Five leading liberal arts colleges formed a pioneering collaborative several years ago that will allow them to offset 40,000 megawatt hours per year of their collective electrical needs with electricity created at a new solar power facility in Farmington, Maine. After years of steady work, the solar project officially went online on October 27 and is now sending renewable electricity to the New England grid. The college consortium represents one of the first utility scale collaborative purchases of New England-generated solar electricity by higher-education institutions.
Amherst, Bowdoin, Hampshire, Smith, and Williams colleges partnered with a subsidiary of NextEra Energy Resources, a leading clean energy company, to construct and operate one of the largest utility-scale solar power facilities currently in operation in New England. Each of the colleges purchases zero-carbon electricity from the Maine site to reduce carbon emissions from campus electricity use.
Competitive Energy Services, LLC acted as advisor to this group of higher education clients with the end goal of a joint renewable energy purchase. The group had similar goals for supporting the installation of additional renewable energy in New England, while minimizing financial risks. The partnership provides market access that would not have otherwise been available to each individual institution.
“After a successful solicitation process, CES and the Colleges ultimately selected this 76.5 MW solar PV project located in Farmington, ME. By committing to purchase 30% of the total generation from the project or 40,000 megawatt hours of renewable energy annually, the colleges move significantly closer to their climate-action goals, while supporting the development of new renewables in New England. Thanks to its close geographic proximity, the project also provides the schools with hedge value against their future electricity prices in New England,” said Andy Price, CES President & COO.
Working with the many stakeholders from all institutions - including sustainability committees, facilities staff, administrators, faculty, and students – was key to the success of the project. Through those collaborative sessions, all parties came to understand the sustainability and economic impacts, as well as how the project would fit into their larger sustainability agendas. To do this, the project had to be placed in context with alternative options, including on-site developments, future off-site opportunities, efficiency projects, and REC or offset purchases.

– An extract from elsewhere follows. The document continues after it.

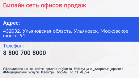 Билайн, сеть офисов продаж по адресу 432032, Ульяновская область, Ульяновск, Московское шоссе, 91 в дальнейшем Организация, размещена в следующих категориях:

The New England College Renewable Partnership is innovative and impactful in several ways. The partnership facilitated the development of additional solar electricity generation in New England. It will have a significant sustainability impact, moving each of the five campuses closer to their climate-action goals. The project also helps each school manage costs by “locking in” the price of renewable electricity for the next 20 years. Most importantly, it provides market access that would not have been available to individual institutions, offering a scalable model that other colleges and universities can follow.